Source data:
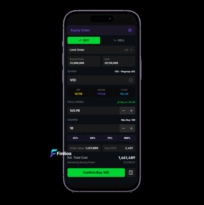 Sau tái thiết kế, Finlios đo lường thời gian vào lệnh rút ngắn 35–45%, mức độ hài lòng của nhà đầu tư tăng rõ rệt. Quan trọng hơn, hệ thống giao dịch mang một diện mạo mới: tối giản, trực quan và có chiều sâu, phù hợp với thói quen của nhà đầu tư chuyên nghiệp. Thiết kế tuân thủ các chuẩn UI/UX quốc tế trong lĩnh vực trading, giúp nền tảng không chỉ dễ dùng hơn, mà còn tạo cảm giác tin cậy, chuyên nghiệp và sẵn sàng mở rộng cho các sản phẩm tài chính cao cấp trong tương lai.
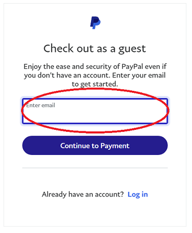 If you do not have a PayPal Account then you can choose to Check out as a Guest by following the instructions below.
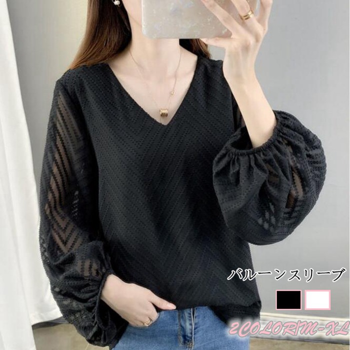 ブラウス バルーンスリーブ カットソー Vネック 体型カバー 着痩せ ゆったり トップス レディースファッション
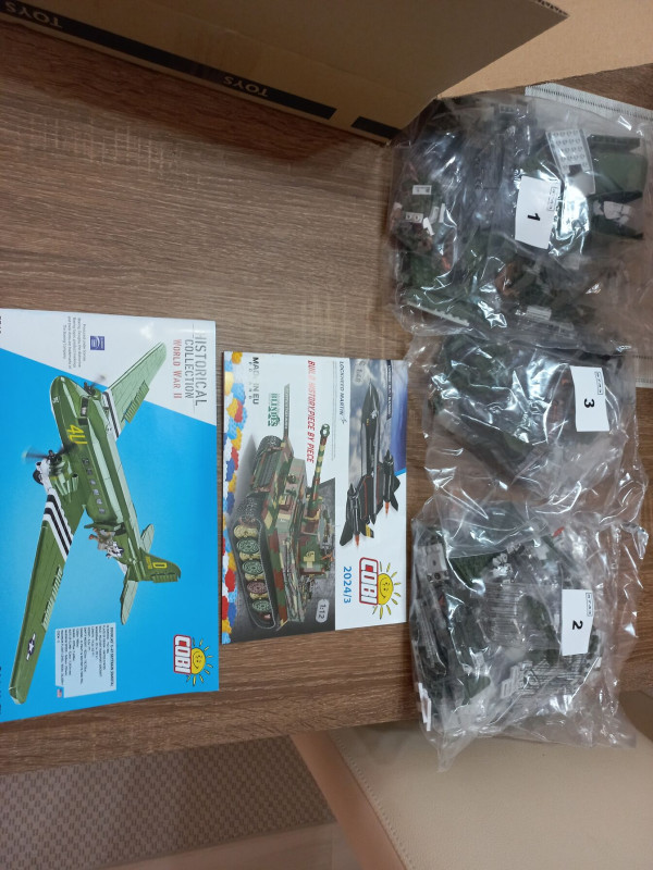 Megjött a Cobi készlet. Külső gyári karton doboz, licenszelt boing készlet. Igényes csomagolás, plusz katalógus. 3 zacskónyi alkatrész, rajtuk a cobi felirat. Eddig nagyon igényes, kiváncsi leszek magára az alkatrészek minőségére, az illeszkedésre, építési élményre és úgy mindenre, hogy mi a különbség a Lego és ez között, egyáltalán van-e bármiféle különbség.
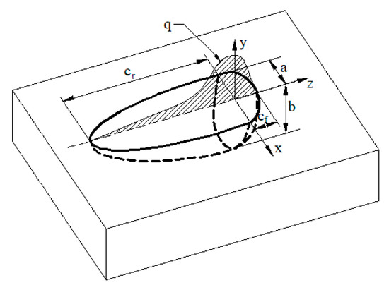 The double ellipsoidal heat source model, proposed by Goldak et al. (1984) [27], is shown in Figure 5. The rear portions and front of the heat source model are in two different ellipsoid quadrants. The power density distribution in the front portion is:
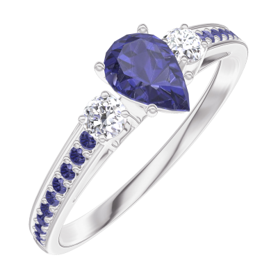 « L'ATELIER » NR. 161636Ring Weißgold 375/-(9Kt) - Blauer Saphir Tropfen 0.3 Karat - Seitliche Steine Diamant - Fassung Blauer Saphir
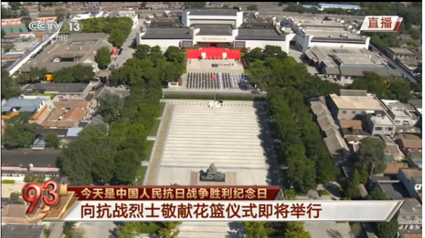中共中央、全国人大常委会委员会、国务院、全国政协、中央军委和抗战老战士老同志、首都各界群众分别敬献的7个花篮一字排开,摆放在纪念馆前平台上?;ɡ旱暮焐写闲醋拧霸谥泄嗣窨谷照秸杏⒂挛牧沂棵怯来共恍唷?。

Try it: Beginning with the line in which "Megjött a Cobi" appears, repeat exactly each line down to the close of the material, leaving every picture out.

Response to the task:
 Megjött a Cobi készlet. Külső gyári karton doboz, licenszelt boing készlet. Igényes csomagolás, plusz katalógus. 3 zacskónyi alkatrész, rajtuk a cobi felirat. Eddig nagyon igényes, kiváncsi leszek magára az alkatrészek minőségére, az illeszkedésre, építési élményre és úgy mindenre, hogy mi a különbség a Lego és ez között, egyáltalán van-e bármiféle különbség.
 The double ellipsoidal heat source model, proposed by Goldak et al. (1984) [27], is shown in Figure 5. The rear portions and front of the heat source model are in two different ellipsoid quadrants. The power density distribution in the front portion is:
 « L'ATELIER » NR. 161636Ring Weißgold 375/-(9Kt) - Blauer Saphir Tropfen 0.3 Karat - Seitliche Steine Diamant - Fassung Blauer Saphir
中共中央、全国人大常委会委员会、国务院、全国政协、中央军委和抗战老战士老同志、首都各界群众分别敬献的7个花篮一字排开,摆放在纪念馆前平台上?;ɡ旱暮焐写闲醋拧霸谥泄嗣窨谷照秸杏⒂挛牧沂棵怯来共恍唷?。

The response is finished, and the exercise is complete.